■ Task details
Using the records below, output the stretch that opens with the line containing "ユーズドのデニムジャケットとモヘアセーターを再構築したジャケット。" and closes with the line containing "开奖总结:福彩3D上期奖号为", exactly and including both lines, with nothing more.

■ Data to use

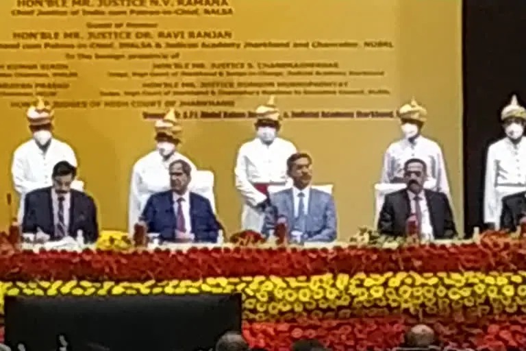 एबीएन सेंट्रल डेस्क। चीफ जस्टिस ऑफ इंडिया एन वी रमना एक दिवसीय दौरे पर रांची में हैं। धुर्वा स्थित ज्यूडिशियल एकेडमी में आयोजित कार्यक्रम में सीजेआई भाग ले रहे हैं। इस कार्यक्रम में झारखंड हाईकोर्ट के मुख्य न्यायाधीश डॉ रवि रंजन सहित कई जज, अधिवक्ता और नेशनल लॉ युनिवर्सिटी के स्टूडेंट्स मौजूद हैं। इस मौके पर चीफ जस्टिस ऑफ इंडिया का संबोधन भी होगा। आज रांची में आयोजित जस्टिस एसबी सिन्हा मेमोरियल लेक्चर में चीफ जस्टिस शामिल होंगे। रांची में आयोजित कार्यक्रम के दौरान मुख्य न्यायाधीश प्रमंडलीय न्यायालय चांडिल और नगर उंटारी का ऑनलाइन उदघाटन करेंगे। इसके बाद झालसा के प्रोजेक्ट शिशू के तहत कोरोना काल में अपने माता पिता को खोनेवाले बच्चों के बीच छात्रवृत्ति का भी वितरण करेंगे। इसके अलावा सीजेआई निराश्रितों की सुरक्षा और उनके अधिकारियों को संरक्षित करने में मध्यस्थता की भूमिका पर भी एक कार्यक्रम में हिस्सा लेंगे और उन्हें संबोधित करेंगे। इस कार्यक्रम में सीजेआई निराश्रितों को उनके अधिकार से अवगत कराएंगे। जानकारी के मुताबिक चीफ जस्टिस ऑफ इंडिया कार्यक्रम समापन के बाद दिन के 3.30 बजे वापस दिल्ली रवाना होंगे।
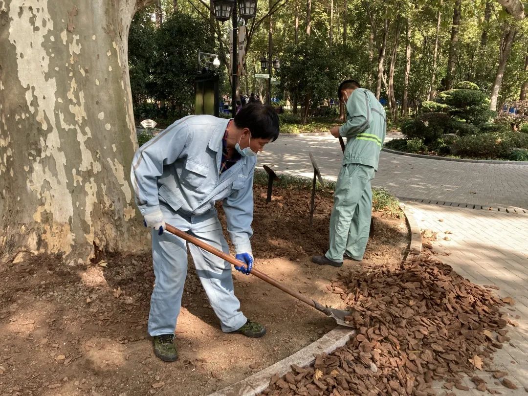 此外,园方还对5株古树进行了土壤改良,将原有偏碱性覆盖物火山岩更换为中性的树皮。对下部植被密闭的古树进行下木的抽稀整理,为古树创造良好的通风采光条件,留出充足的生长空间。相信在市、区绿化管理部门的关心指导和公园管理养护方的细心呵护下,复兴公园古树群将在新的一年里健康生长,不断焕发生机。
...
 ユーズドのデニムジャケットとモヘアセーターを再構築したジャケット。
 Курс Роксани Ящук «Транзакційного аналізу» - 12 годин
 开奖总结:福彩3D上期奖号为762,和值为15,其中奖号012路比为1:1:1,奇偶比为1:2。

■ Task solution
 ユーズドのデニムジャケットとモヘアセーターを再構築したジャケット。
 Курс Роксани Ящук «Транзакційного аналізу» - 12 годин
 开奖总结:福彩3D上期奖号为762,和值为15,其中奖号012路比为1:1:1,奇偶比为1:2。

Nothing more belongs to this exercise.